A little more than two weeks ago -- three Friday nights -- there was some ugliness at Bluffton High School.

I'm not talking about the Bobcats' 80-14 thrashing of rival Hilton Head Island High, though that was ugly. I'm talking about what went on before and after the game.

According to letters sent to the Island Packet, Hilton Head High players were pelted with items thrown from the stands and subjected to verbal abuse from the fans.

While throwing items from the stands is never acceptable, some level of verbal abuse, rightly or wrongly, has become the norm at sporting events. Except that some players on this night were allegedly subjected to racial slurs.

If true, a surprising and disappointing occurrence in a community as diverse as Bluffton.

After the game, several Bluffton players were seen taunting Hilton Head High players, making obscene gestures and at least one had some things to say to Seahawks head coach B.J. Payne.

"Is it a rivalry? I don't know. What constitutes a rivalry?" Hilton Head High athletics director Joe Monmonier asked the week after the game. "What kind of behavior constitutes a rivalry?"

On the Tuesday following the game, the key parties -- Bluffton athletics director Dave Adams and football coach Ken Cribb, as well as Hilton Head High's Monmonier and Payne -- met with Beaufort County School District student services officer Gregory McCord at the district office.

Though he wouldn't confirm any specific incidents at the game, saying he wasn't there to witness them firsthand, McCord called the meeting "productive," citing the head coaches mutual respect and the opportunity to use the game as a "teachable moment."

I have no reason to doubt anything McCord says. But if I'm a parent of a Seahawks player, I want to know specifically what's being done to ensure this type of behavior doesn't persist. Not just at Bluffton, but anywhere in the district.

Because the next question is, if this behavior persists, "how can I ensure my child is safe?"

When asked about the meeting, all parties involved referred all questions to McCord.

"All matters were handled accordingly," McCord said Thursday, revealing no specifics. "If there's an issue, it's our job as adults and officials to take corrective action."

But in this situation, something troubling happened in public, in front of a lot of people. There should be a public response.

McCord disagreed and said it wasn't a public matter, referring to any discipline any specific student may have received.

"We are looking forward to collaborating as a district ... so that our students recognize the importance of gamesmanship and good sportsmanship," he said.

He went on to say, "it's not that anyone is not revealing anything. When it gets down to it, we have to do what's most important, and that's moving forward."

But if nobody addresses what happened publicly, who's to blame people who doubt anything's being done at all?

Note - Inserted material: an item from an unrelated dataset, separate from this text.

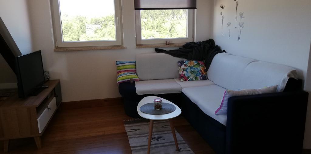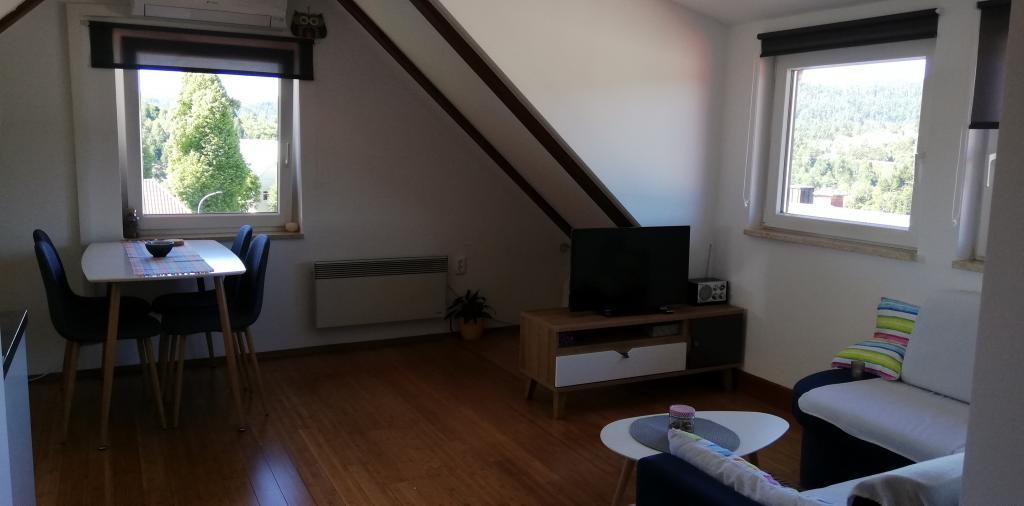 Apartment Renato is located in the high attic of the house in a quiet location just 300m from the center of Fužine, the promenade along Lake Bajer and all important facilities. The glass surfaces give a lot of heat and light, and the west side has a view of the lake. The apartment is fully equipped to make guests feel as comfortable as possible by staying with us. There is parking in the yard.

McCord emphasizes that he has an open-door policy and works hard to be "very transparent."

That's refreshing, but it's not enough. It sounds similar to a campaign promise we might hear in a debate.

Parents deserve the substance, not just the style. Forget the punishment. They want to know what the plan is.

"At the end of the day, our goal and our effort should be focused on doing at all times possible what we can to produce good students and good citizens," McCord said.

He's right. In this situation, that can only start by talking about the problem.